The theme “sustainability” is very recent for our society. The first world conference on the environment was only held in the 1970s, shortly after we received the first images of the Earth – coming from space, after the launch of the mission that took us to the moon -, and we came across what we were doing with she.
Eco 92 was the first time that we actually heard about “sustainable development”. Since then, we have evolved a lot in this respect, although not satisfactorily in its entirety. We discovered that this development involves other practices, such as economic, social and not just environmental – the famous triple bottom line.
People are more aware. They are growing more aware of how and at what cost companies produce. According to a study How to speak Z, 92% of Gen Z youth care about social and environmental causes. Among Millennials – Generation Y – this percentage is 87%.
Given this scenario, with the social, environmental and economic challenges faced by companies today, sustainability management must be a priority in business strategies in any segment. This means that it is not enough just to have initiatives in favor of causes, it is necessary to have sustainability in management, decisions and day-to-day attitudes.
This is where the Sustainability Report comes in. While originally seen as a way to build trust and enhance reputation, it is now truly a strategic tool used to support sustainable decision-making processes, drive organizational development, achieve better performance, engage stakeholders and attract investments.
But what is the Sustainability Report?
Briefly, the report is a document where companies gather information with the aim of measuring and disclosing all the environmental, economic and social impacts that their activities generate. It is the main tool that companies have to present their performance to society.
This report tends to be very favorable to organizations. In addition to contributing to improving the public's image of the brand, it is an important starting point for self-knowledge, helping the company to detect positive and negative points in its management. And it all starts with the development of the Materiality Matrix.
What is the Materiality Matrix?
Materiality is an accounting principle that was adapted by the sustainability area to identify non-financial aspects that are relevant to the company. It consists of the organization's knowledge process of the most relevant subjects for it according to the business strategy and the perception of impacts of the public with whom it relates: the stakeholders.
It is estimated that 80% of a company's market value results from intangible assets such as reputation, image, brand recognition, relationships, customer loyalty, innovation capacity, transparency and corporate governance, brands and patents and policies.
The objective of the materiality analysis is to identify which environmental, social and governance aspects protect and add value to the business. In addition to providing the basis for the reporting process, this study can be an important tool for prioritizing actions and integrating sustainability practices into the companies' strategy and management.

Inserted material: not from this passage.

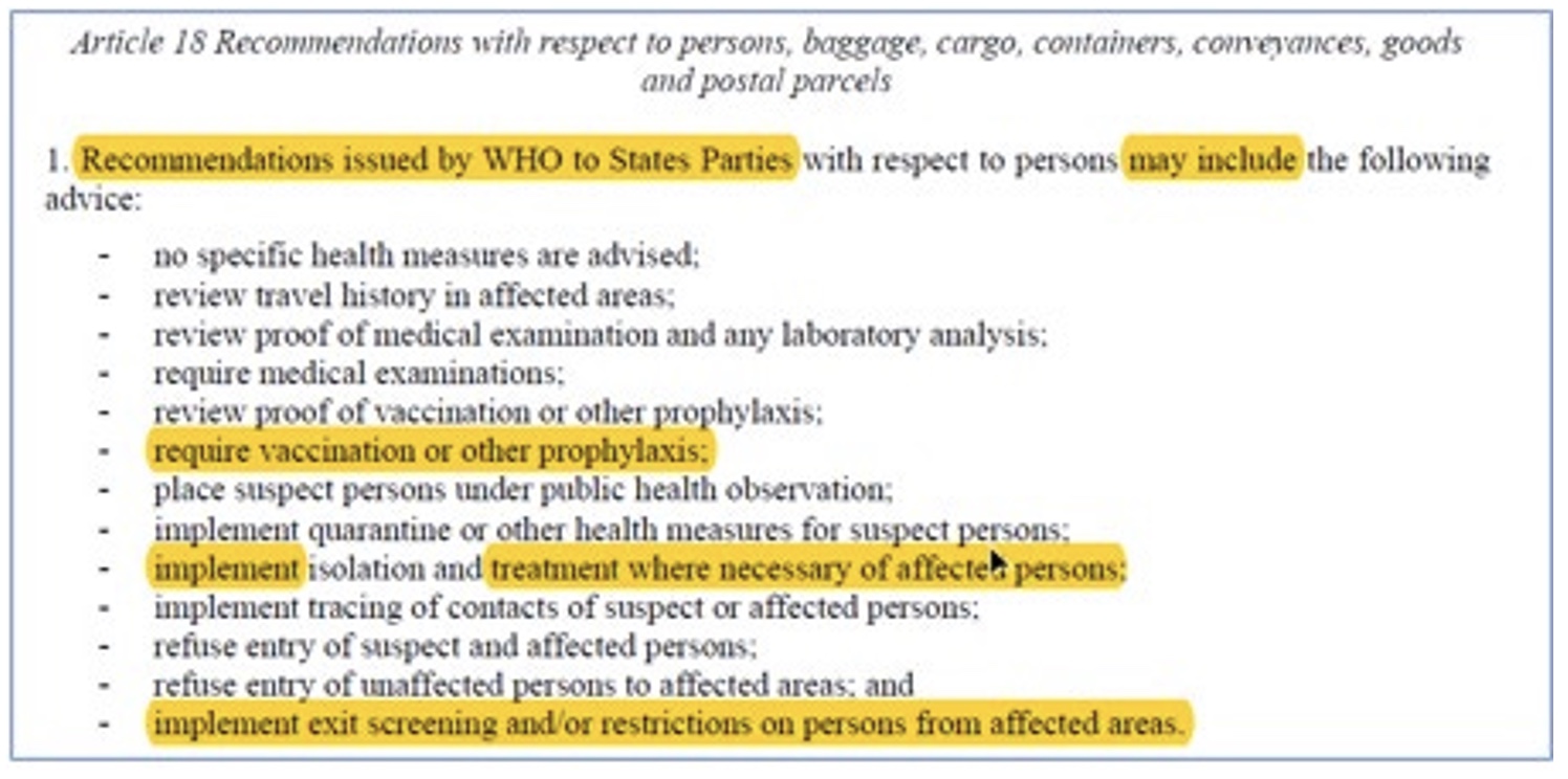 2. If the Federal government doesn’t intend to comply with binding WHO public health “recommendations,” why is it supporting the power transfer? What would the sanctions be for non-compliance? (See here for a good discussion of the likely influence of the amendments despite the lack of formal enforcement mechanisms.)

What are the most used indicators and guidelines?
A common question in the corporate environment is which indicator is most suitable for each company. In general, all reporting tools have the main purpose of transparently communicating the actions, commitments and goals adopted. The main difference between them is in the structure, considering that in each one there are rules guided by different organizations, such as: IIRC, GRI, CDP, SASB, ETHOS, IBASE.
Sustainability Report (RS) – Focused on publishing practices and actions related to the main impacts of the company, based on the pillars of the triple bottom line, environmental, social and economic. It also addresses issues that are a priority not only for the company, but also for its stakeholders.
Social Balance (BS) – The main objective is to communicate the practices of a company in the context of Social Responsibility, with a variable structure based on the themes adopted by the company.
Integrated Report (IR) – The main feature is the emphasis on integrating information in a concise way, with a very strategic and future-oriented focus.
- It improves the management of socio-environmental risks by the organization and by society;
- Allows better definition of strategies related to sustainability in the economic, social and environmental spheres;
- It improves dialogue between the organization and stakeholders, contributing to the generation of common solutions;
- Integrates organizational departments promoting strategic alignment;
- Provides greater transparency between the company, partners and society.
Even though the Sustainability Report is not a legal requirement, it is advisable that all companies, regardless of their size, issue it annually. This brings transparency to their activities, as well as underscores their commitment to their consumers and society.
In short, the Report is indeed an important communication and management tool!
To paraphrase Neil Armstrong, the Sustainability Report is a step for the company, but a giant leap for humanity.